Roller coaster at BonBon-Land, Denmark

Vild-Svinet (Danish for The Wild Boar) is a steel roller coaster at BonBon-Land in southern Zealand, Denmark, approximately 100 km from Copenhagen. Vild-Svinet is the prototype for the Gerstlauer Euro-Fighter roller coaster model. At 97 degrees, the coaster is the steepest roller coaster in Denmark.

==History and design==
Opening on 16 May 2003, Vild-Svinet was the first ever Euro-Fighter model coaster to be built. When it opened, Vild-Svinet was the steepest roller coaster in the world (other Euro-Fighters would later tie its record) until its record was surpassed by Steel Hawg at Indiana Beach.
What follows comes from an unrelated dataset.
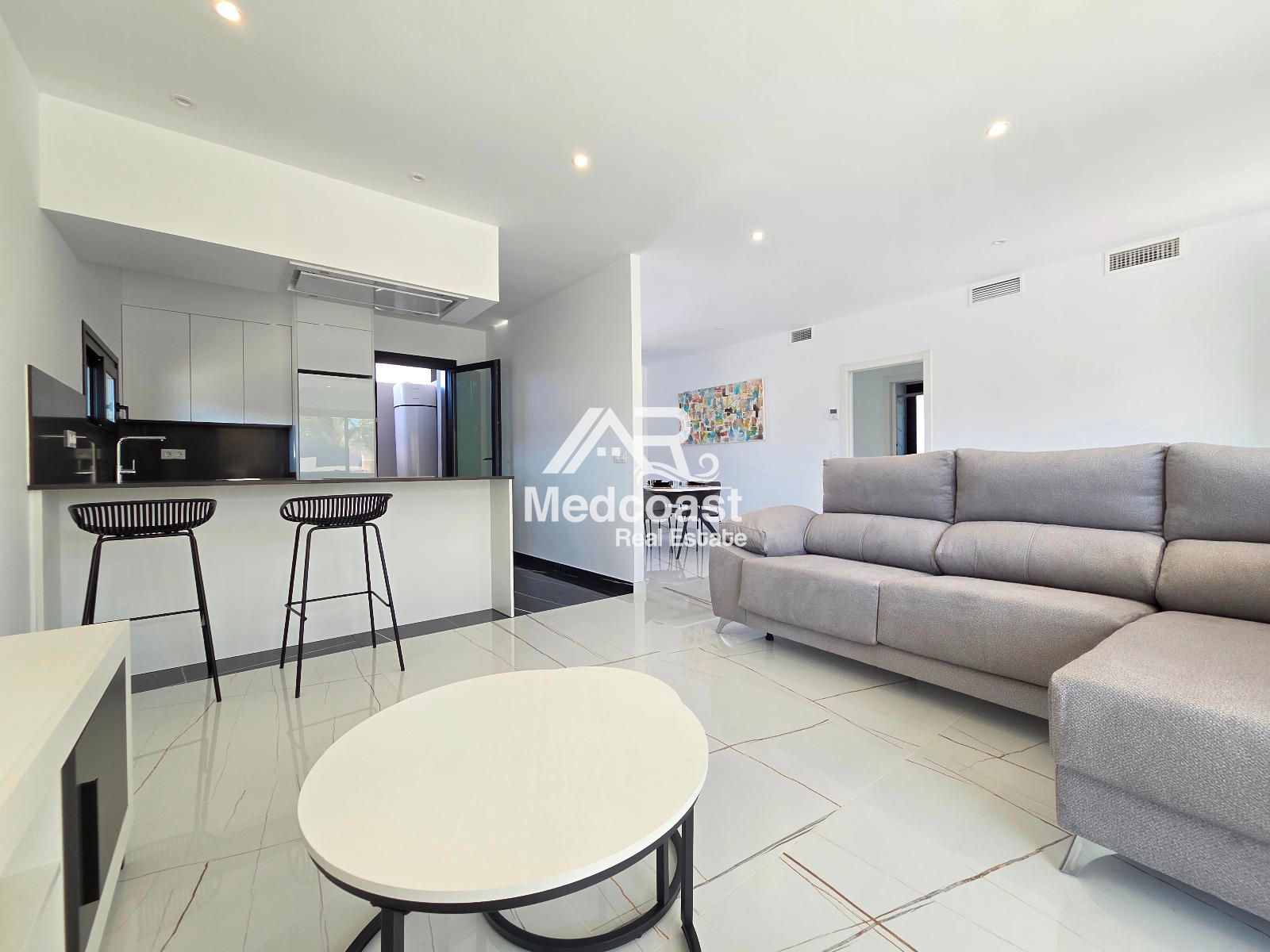 La vivienda dispone de 107 m² construidos, distribuidos en un luminoso y amplio salón-comedor gracias a sus grandes ventanales, una cocina moderna integrada, lavadero independiente, dos amplios dormitorios con posibilidad de habilitar un tercero, y dos baños completos. En el exterior destaca una gran terraza con zona ajardinada, perfecta para relajarse, tomar el sol y disfrutar de las impresionantes vistas abiertas al campo y a las montañas.

Vild-Svinet was also the first roller coaster in the world to have an initial drop steeper than 90 degrees. The coaster has one inversion, a single vertical loop. There are also overbanked turns in the coaster's course. As with other Euro-Fighters, guests ride the coaster in single-car trains. Riders on Vild-Svinet are arranged in two rows of four. Vild-Svinet has generally been the most popular coaster at BonBon-Land since its opening.

==Awards and reception==

BonBon-Land and Gerstlauer were awarded the "FKF-Award 2003" by Freundeskreis Kirmes und Freizeitparks e.V. (Friends of Fairground and Amusement Association) for the construction of Vild-Svinet. The coaster was also ranked as the 3rd most innovative coaster of 2003 by COASTER-net. Frommer's included the coaster in their book, Frommer's 500 Adrenaline Adventures. Each award cited the coaster's steeper than vertical drop as being one of the primary justifications for Vild-Svinet's inclusion. Lonely Planet describes the coaster as "bonkers-looking" and notes that it is the most extreme amusement ride at BonBon-Land.